> _Data excerpts_:
__________________________________________________

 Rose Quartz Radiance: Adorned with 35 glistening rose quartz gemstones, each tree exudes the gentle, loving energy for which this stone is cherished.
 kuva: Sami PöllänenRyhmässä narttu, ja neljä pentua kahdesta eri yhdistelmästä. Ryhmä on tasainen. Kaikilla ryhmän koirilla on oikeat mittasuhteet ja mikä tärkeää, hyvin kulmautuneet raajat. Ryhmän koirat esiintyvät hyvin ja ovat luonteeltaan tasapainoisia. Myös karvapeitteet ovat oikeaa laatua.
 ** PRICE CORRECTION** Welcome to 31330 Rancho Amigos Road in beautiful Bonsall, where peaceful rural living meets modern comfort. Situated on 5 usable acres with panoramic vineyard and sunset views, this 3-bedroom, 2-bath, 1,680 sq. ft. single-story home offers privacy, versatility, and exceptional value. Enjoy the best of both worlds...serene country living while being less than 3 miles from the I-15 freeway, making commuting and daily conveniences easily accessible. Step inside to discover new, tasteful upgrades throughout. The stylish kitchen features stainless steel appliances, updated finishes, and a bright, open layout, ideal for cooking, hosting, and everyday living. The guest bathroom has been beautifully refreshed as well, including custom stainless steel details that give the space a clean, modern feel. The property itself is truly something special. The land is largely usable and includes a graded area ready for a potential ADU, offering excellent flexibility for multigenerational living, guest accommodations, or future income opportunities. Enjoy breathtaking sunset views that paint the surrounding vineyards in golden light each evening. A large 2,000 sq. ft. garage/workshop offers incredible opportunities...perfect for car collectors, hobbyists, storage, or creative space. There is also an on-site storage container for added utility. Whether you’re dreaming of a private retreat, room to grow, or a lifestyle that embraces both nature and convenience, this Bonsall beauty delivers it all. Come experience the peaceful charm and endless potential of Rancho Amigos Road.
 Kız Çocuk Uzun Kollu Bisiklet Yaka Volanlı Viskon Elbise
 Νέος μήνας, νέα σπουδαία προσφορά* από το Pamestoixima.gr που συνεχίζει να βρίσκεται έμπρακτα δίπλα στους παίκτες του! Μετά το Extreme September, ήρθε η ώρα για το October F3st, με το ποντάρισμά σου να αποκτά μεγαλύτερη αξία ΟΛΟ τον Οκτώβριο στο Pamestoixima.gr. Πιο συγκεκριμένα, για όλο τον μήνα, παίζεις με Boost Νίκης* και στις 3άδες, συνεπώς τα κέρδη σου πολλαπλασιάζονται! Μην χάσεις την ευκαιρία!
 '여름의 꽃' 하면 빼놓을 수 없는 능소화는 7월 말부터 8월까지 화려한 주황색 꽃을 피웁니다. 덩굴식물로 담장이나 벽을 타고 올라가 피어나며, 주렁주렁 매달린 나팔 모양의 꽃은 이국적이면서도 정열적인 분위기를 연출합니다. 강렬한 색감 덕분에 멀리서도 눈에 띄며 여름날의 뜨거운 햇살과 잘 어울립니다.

__________________________________________________

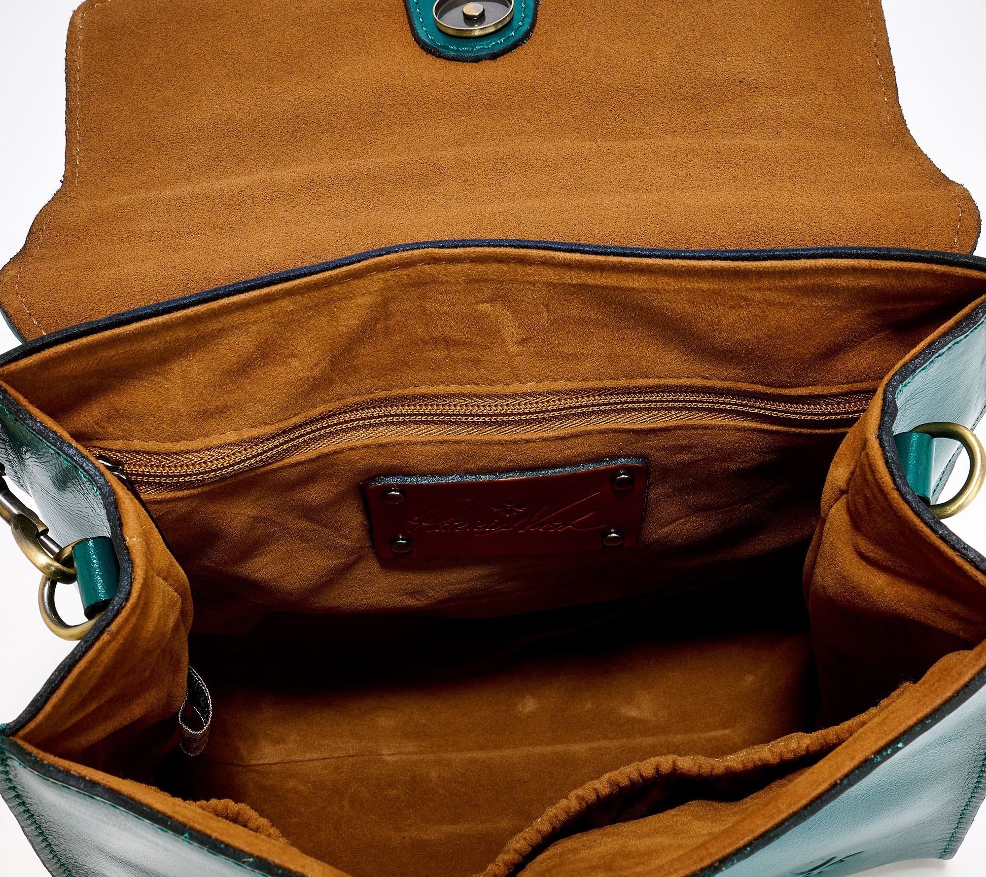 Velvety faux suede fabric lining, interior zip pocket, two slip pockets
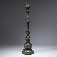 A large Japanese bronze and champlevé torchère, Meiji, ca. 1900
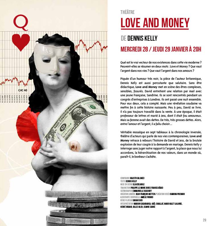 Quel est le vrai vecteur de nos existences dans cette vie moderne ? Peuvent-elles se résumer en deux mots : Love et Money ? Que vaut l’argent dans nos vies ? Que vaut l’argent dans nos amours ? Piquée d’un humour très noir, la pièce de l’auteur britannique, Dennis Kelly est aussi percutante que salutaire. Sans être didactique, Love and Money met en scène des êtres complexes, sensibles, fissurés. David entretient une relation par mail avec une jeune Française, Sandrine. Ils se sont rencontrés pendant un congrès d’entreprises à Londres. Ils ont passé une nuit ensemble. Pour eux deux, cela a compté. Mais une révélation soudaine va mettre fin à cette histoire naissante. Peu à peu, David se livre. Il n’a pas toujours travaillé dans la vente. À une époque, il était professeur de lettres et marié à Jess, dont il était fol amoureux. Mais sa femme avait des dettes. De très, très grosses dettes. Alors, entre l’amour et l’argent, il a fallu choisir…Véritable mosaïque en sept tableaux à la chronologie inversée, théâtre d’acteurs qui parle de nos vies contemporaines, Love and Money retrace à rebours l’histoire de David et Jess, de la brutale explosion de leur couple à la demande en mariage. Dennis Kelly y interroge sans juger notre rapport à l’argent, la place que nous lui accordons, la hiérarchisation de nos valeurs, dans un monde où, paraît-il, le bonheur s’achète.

__________________________________________________

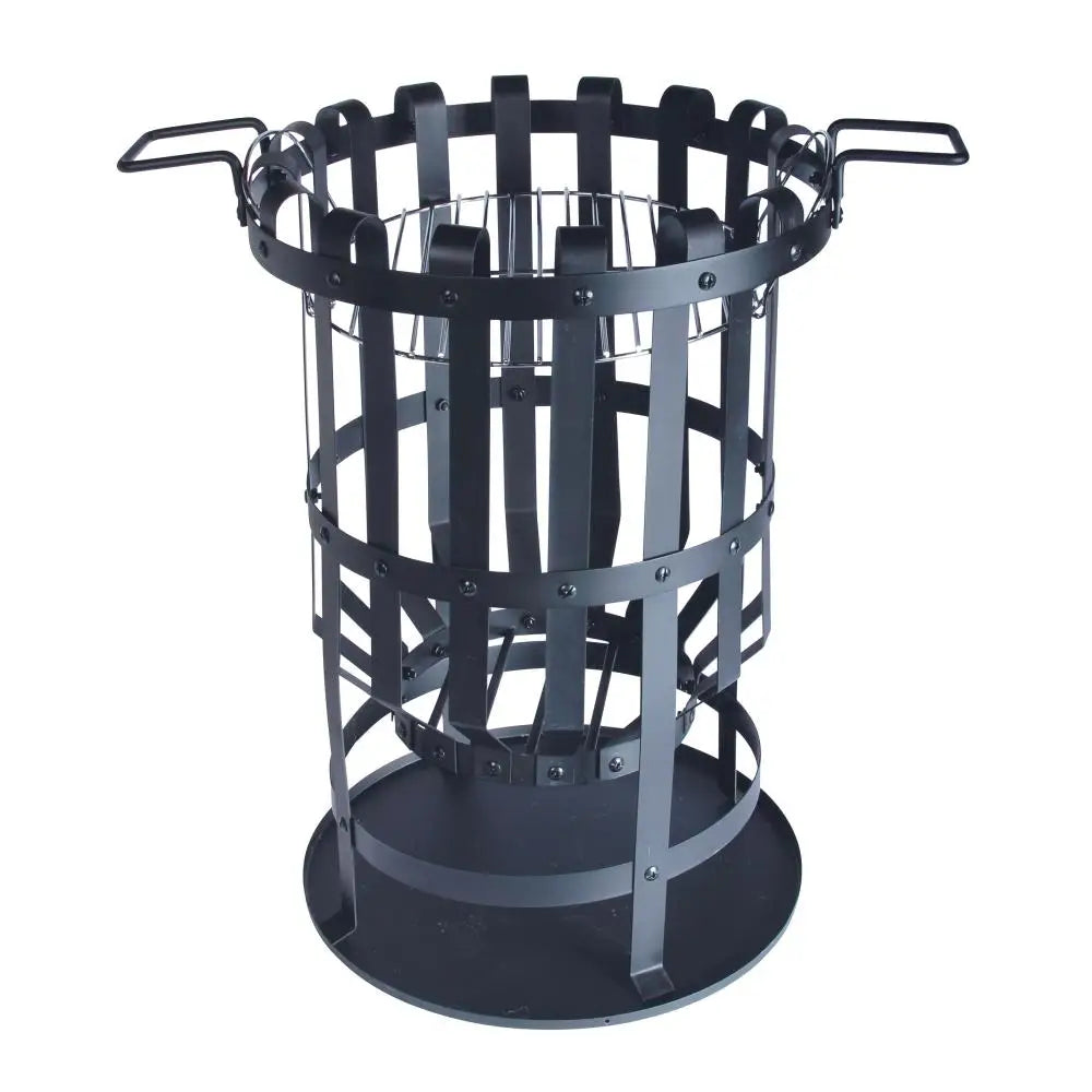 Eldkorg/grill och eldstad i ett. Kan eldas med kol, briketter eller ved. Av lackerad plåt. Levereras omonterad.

__________________________________________________

> _Task brief_:
Every line from the line containing "Rose Quartz Radiance: Adorned" through the line containing "kuva: Sami PöllänenRyhmässä" in the records above must be retyped exactly. Leave out the rest.

> _Answer_:
 Rose Quartz Radiance: Adorned with 35 glistening rose quartz gemstones, each tree exudes the gentle, loving energy for which this stone is cherished.
 kuva: Sami PöllänenRyhmässä narttu, ja neljä pentua kahdesta eri yhdistelmästä. Ryhmä on tasainen. Kaikilla ryhmän koirilla on oikeat mittasuhteet ja mikä tärkeää, hyvin kulmautuneet raajat. Ryhmän koirat esiintyvät hyvin ja ovat luonteeltaan tasapainoisia. Myös karvapeitteet ovat oikeaa laatua.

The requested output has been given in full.